Research Areas
Theoretical Physics
Theoretical physics provides the vision and mathematical framework for interpreting, understanding and extending the knowledge of particles, forces, space-time and the universe. Progress in theoretical physics transforms detailed observations and measurements into predictive models that lead to fundamental insights into questions about the universe and new ideas for further scientific exploration and discovery.
Activities range from detailed calculations of the predictions of the Standard Model to a new plane of physical phenomena and the means to experimentally search for them. Incorporating Einstein’s theory of gravity and space-time geometry into a unified description of all the forces of nature and cosmology is a major area of study. This research provides new insights into the basic constituents of matter, the forces between them, and the origin of the universe.
In the laboratory, theoretical physicists work very closely with experimentalists. Working on many aspects of the mathematical framework of particle physics, theorists often guide the choice and direction of experimental topics at accelerators like the Tevatron and the Large Hadron Collider. Experimental results, in turn, provide new information about how the world works and stimulate the development of new and improved theoretical ideas.
Supporting Information
Exploring the energy frontier
What are the building blocks of matter, and where do they come from? Are there more dimensions of space than the three known to our everyday senses? What happened right after the Big Bang? Fundamental questions like these drew Rakhi Mahbubani, a postdoctoral researcher in Fermilab’s Theory Department, into the field of particle physics.
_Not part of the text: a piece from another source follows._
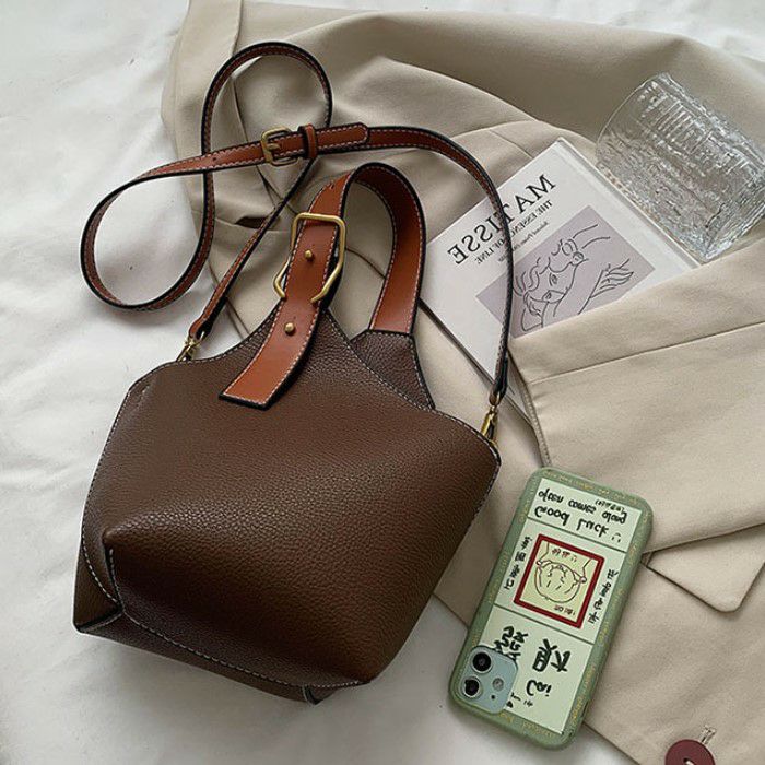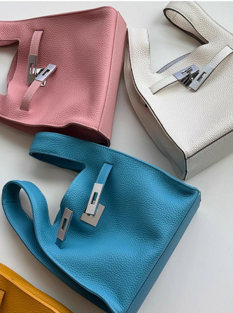 予約 8color リアルレザー バケツ型 ハンドバッグ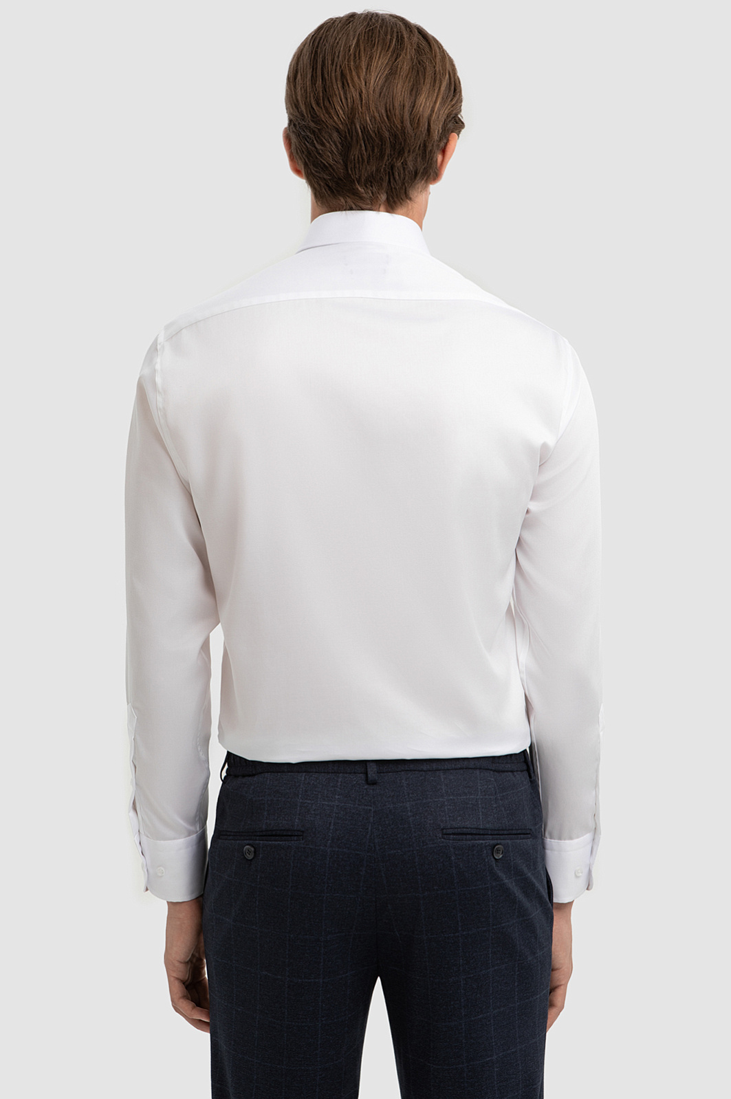 Для пошива классической белоснежной сорочки использовали мягкую хлопковую ткань, не уступающую по гладкости шелку. Фасон Regular fit оптимально подходит для большинства типов фигур, обеспечивая удобную и комфортную посадку. Гладкая ткань с матовым финишем отлично пропускает воздух. Натуральный материал сохраняет ощущение свежести в течение всего дня, белоснежный цвет воплощает чистоту и элегантность, придавая вашему образу безупречный вид. Наши стилисты рекомендуют сочетать эту модель с костюмными брюками, дополнив образ стильными лоферами. Рубашка KANZLER с отложным воротником и длинными рукавами будет уместна в офисе, на официальных мероприятиях и деловых встречах. Классический крой и универсальный цвет идеально подходит для создания строгого делового образа.

Now Mahbubani develops models of high energy physics and looks for ways to explore them on the energy frontier at Fermilab’s Tevatron and CERN’s Large Hadron Collider. She searches for clues of the Higgs boson and extra dimensions both at the Tevatron and the LHC. “Could we see signals of these new models at the Tevatron? If not, might we see them at the LHC? These are the questions that I try to answer, ” she says. Mahbubani also collaborates with experimentalists on the CDF and DZero experiments at Fermilab
Mahbubani earned her PhD in physics at Harvard University. She has a MSci in physics from the University of Bristol in England.